### Task objective
Give again, exactly as written, the lines of the records below from the line with "- Extended drain" to the line with "읽기 영역의 부진학생". Both end lines count; pictures do not.

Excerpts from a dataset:

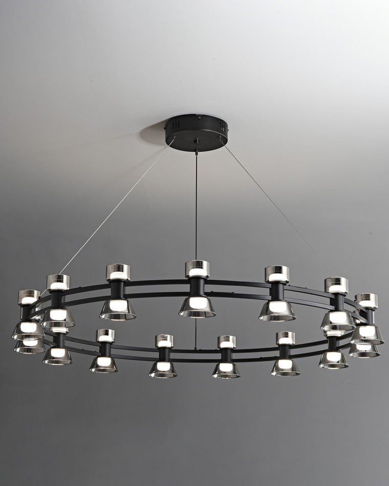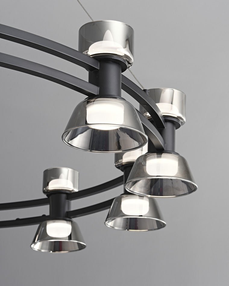 Tags: 500-899, 900-1999, Black, Brass/Copper/Bronze, Chandelier, contemporary, Dining Room, Glass, gold, Pendant light, Round, Tiered
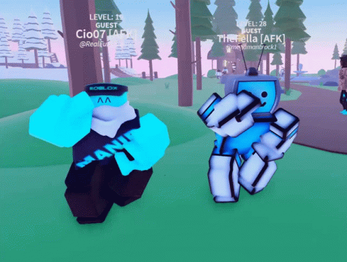 - Descrierea conținutului: a screenshot of a video game shows a blue robot and a white robot standing next to each other
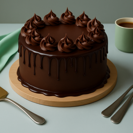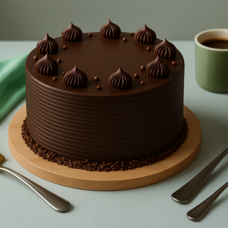 Elegantly designed with vintage charm, this cake offers deep chocolate layers and creamy frosting.
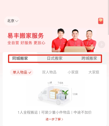 在首页挑选同城搬家、跨市搬家等所需的搬家服务类型。
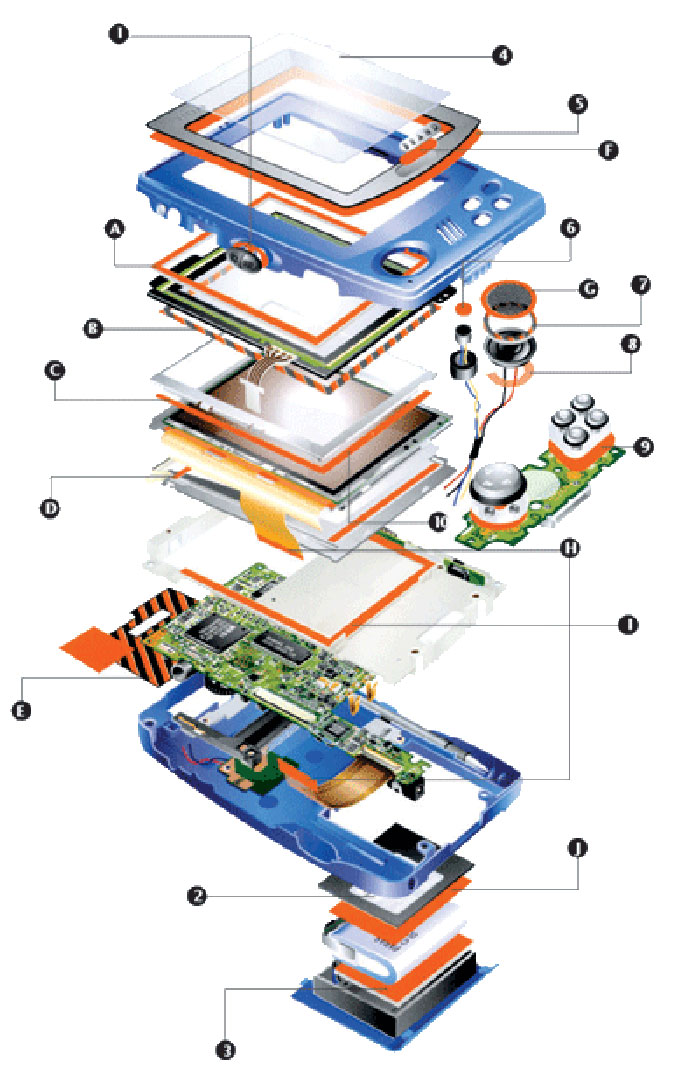 A.触摸屏垫圈B.触摸屏固定C.LCD框架的固定D.背光板E.端口绝缘保护F.标牌定G.话筒防尘网H.FPCB固定I.LCD模块固定J.电池仓固定
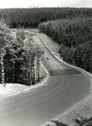 - Nürburgring, Platten-Negativ im Krieg zerstört, Vintage-Print im Archiv vorhanden. Frühe Aufnahme von Paul Wolff, 1925, Der Streckenabschnitt Brünnchen nach der Fertigstellung. Noch stehen die Bäume dicht an der Strecke.
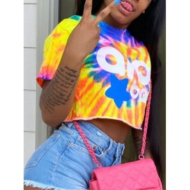Lovely Casual Raw Edge Tie-dye Print Multicolor T-shirt
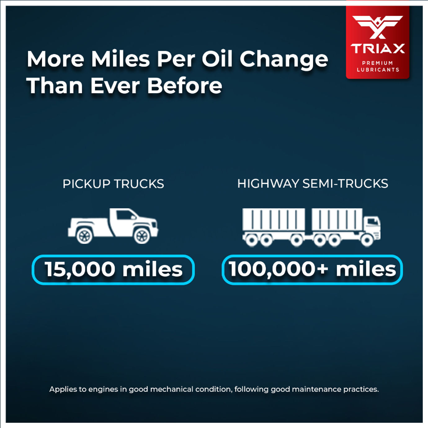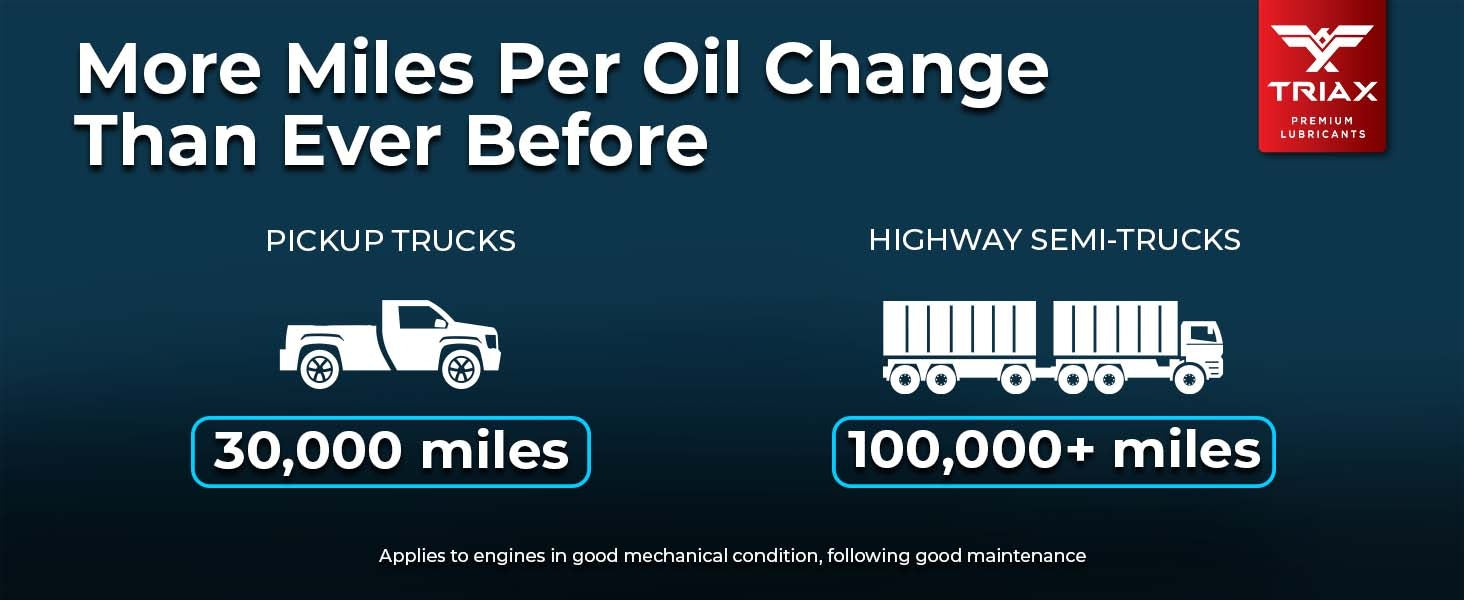 - Extended drain intervals: 15,000+ miles for pickups and over 100,000 miles for long haul semi trucks.
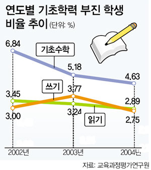 읽기 영역의 부진학생 비율은 2002년 3.45%에서 2003년 3.24%, 지난해 2.89%로 떨어졌다. 쓰기는 2002년 3.00%에서 2003년 3.77%로 늘었다가 지난해 2.75%로 줄었다. 기초수학 부진 학생도 각각 6.84%, 5.18%, 4.63%로 해마다 감소 추세다.
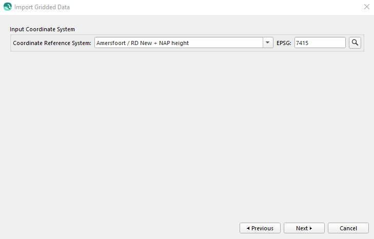 This page is used by all grid import types. This is the coordinate system of the gridded data. See the section on Selecting Coordinate Systems for more information.

### Response area
 - Extended drain intervals: 15,000+ miles for pickups and over 100,000 miles for long haul semi trucks.
 읽기 영역의 부진학생 비율은 2002년 3.45%에서 2003년 3.24%, 지난해 2.89%로 떨어졌다. 쓰기는 2002년 3.00%에서 2003년 3.77%로 늘었다가 지난해 2.75%로 줄었다. 기초수학 부진 학생도 각각 6.84%, 5.18%, 4.63%로 해마다 감소 추세다.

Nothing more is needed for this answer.